* Task description *
Give again, exactly and only, the lines running from the one with "The paper introduces" to the end of the material below; leave out pictures.

* Collected material *

──────

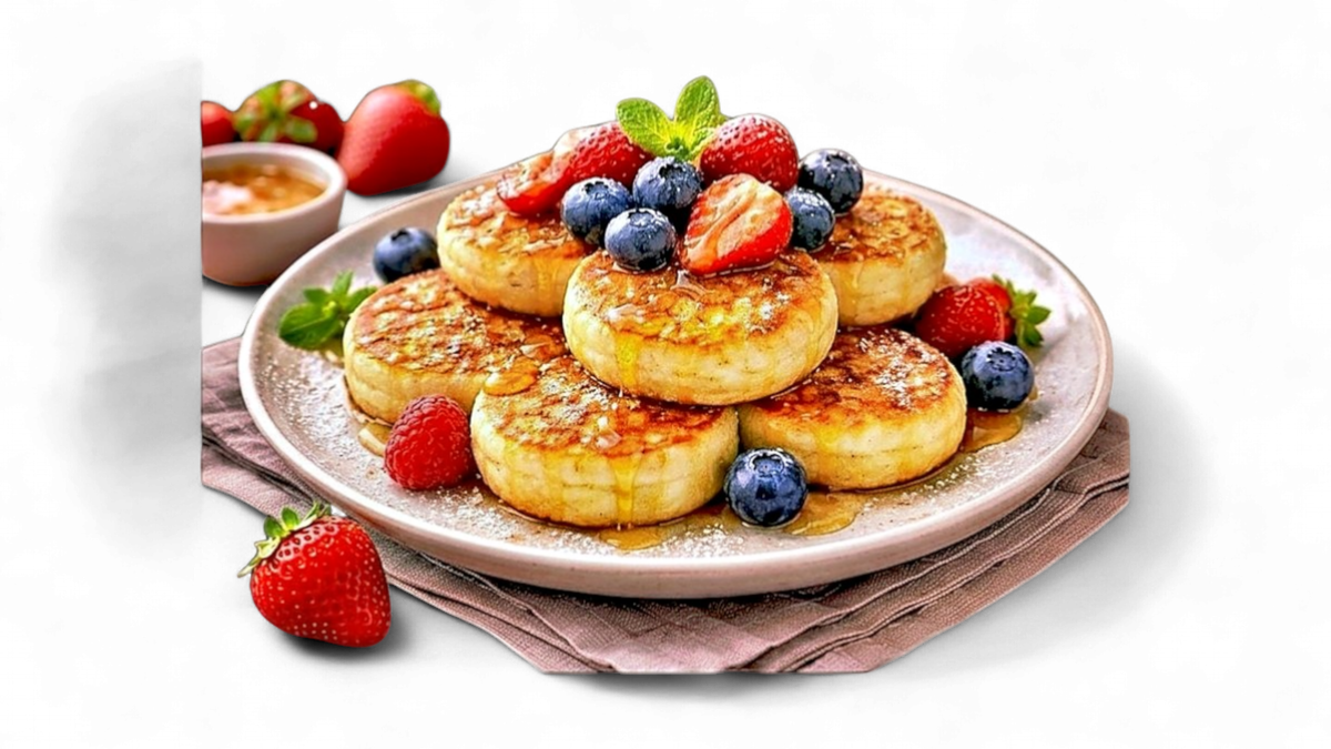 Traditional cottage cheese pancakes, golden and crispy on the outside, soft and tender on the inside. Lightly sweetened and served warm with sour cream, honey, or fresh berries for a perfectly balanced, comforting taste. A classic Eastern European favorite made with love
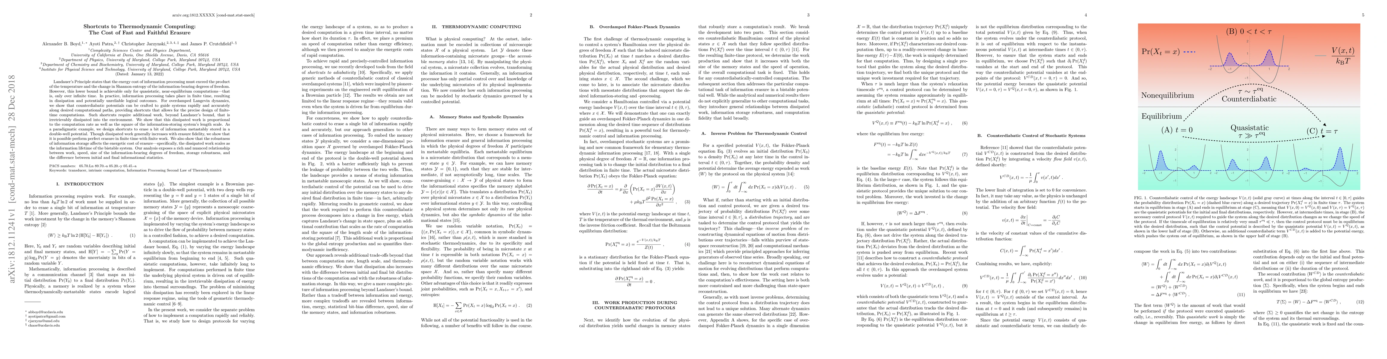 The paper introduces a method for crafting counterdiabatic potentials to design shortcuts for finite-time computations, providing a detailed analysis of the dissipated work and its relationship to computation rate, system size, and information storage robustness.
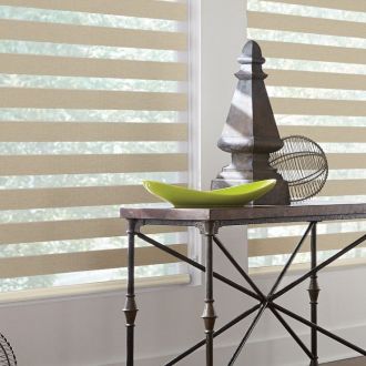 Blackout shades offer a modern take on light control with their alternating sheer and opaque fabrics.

──────

* Finished exercise *
 The paper introduces a method for crafting counterdiabatic potentials to design shortcuts for finite-time computations, providing a detailed analysis of the dissipated work and its relationship to computation rate, system size, and information storage robustness.
 Blackout shades offer a modern take on light control with their alternating sheer and opaque fabrics.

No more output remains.